# Pay for entry position as theatre repair technician



## randiculous (Jun 26, 2013)

Hey guys, so I've been working for a respectable theatre supply company in various capacities over the past ~10 months. I started out as overhire in the warehouse humping around cable and lights, doing minor repairs on broken gear, etc. Then I got trained in shipping and receiving for a few months as our online business was growing bigger than one shipping hand could keep up with (still as overhire on an as-needed basis), they were prepping me to take over that position working fulltime in shipping, when suddenly there was an opening in the technical services department. They knew I was interested, interviewed me for the position, and the next thing I know I'm an entry level repair technician. But, I'm still at my original pay rate I started at, $11/hr. During this time they increased warehouse pay to $13/hr, but kept me at the $11/hr saying that since I'm now considered full time and about to get health insurance it would even out. However, I'm approaching the end of my first 90 days as a repair tech, and I was told we could start talking raises at this point.
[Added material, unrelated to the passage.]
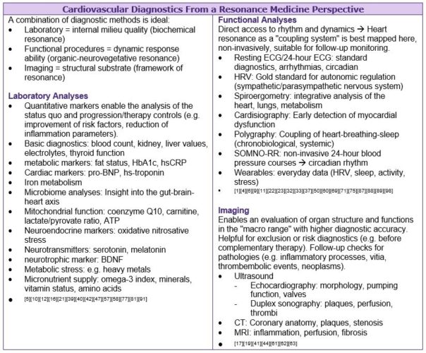 How can heart health be studied from a resonance medicine perspective? Medical research in recent decades has provided us with many diagnostic possibilities. A selection of central and well-validated diagnostic methods is shown in the box below. The list does not claim to be complete, it is rather intended to provide an orientation as to which methods can make a contribution at which level.

I know I'm only a year out of school, and just getting started learning repairs, (kind of like an apprentice tech or junior tech I guess) but I was wondering what hourly rate you all thought I should be at? 

I know it won't be a huge pay, I need experience first, but I feel like I should be making at least as much as the warehouse guys, I have a lot of added responsibilities since I first started here. And don't get me wrong, I LOVE my job, I'm just not able to make ends meet at my current rate - and it's not like I haven't cut my expenses... I've cut them down as far as surviveably possible (and have no money left over for fun or emergencies).

A little about my specific job, I feel like it may be slightly different from other repair tech type positions:

This job is partially administrative in nature as well - I log and track all hours worked by my senior tech, keep our customers informed of their repair statuses, and gather billing information from them, coordinate RMAs (repairs by manufacturer), order parts, etc.

I've learned troubleshooting techniques and repaired the following gear under the guidance of my senior tech in my first 90 days:
MAC 550s
Rosco Foggers (various models)
Telex headsets and beltpacks (or determine if they need RMA)
re-soldering mic cord connectors and XLR connectors on a variety of mic and cable types (Sennheiser, Shure, 3-pin, 5-pin, 6-pin - even made a 6-pin to two 3-pin adapter set so now we can test 6pin cable on our existing equipment!)
replace sockets and reflectors in ellipsoidals
convert NSI dimmers from microplex to DMX
troubleshoot and repair mic beltpacks (or determine if they need RMA)
I've also made a handful of customer repairs by myself with no guidance at all and I'm really proud of my work so far

I've also been asked to learn sewing machine repair (all self-taught) and am now held responsible for maintaining the two industrial machines in our drape shop. One machine has been out of service for a few months, but now I have parts arriving today to get it back up and running by next Monday.

I've received no formal training and have been doing a lot of hands-on learning in the shop, reading/researching on slow days, and doing a lot of reading on electrical components outside of work at home. I'm hopeful that this fall they will send me out for some manufacturer repair training sessions.

It also might be of note that the repairs department is making more profit since I've started, we're meeting our projections now - previously the department had not been keeping up on billing very well.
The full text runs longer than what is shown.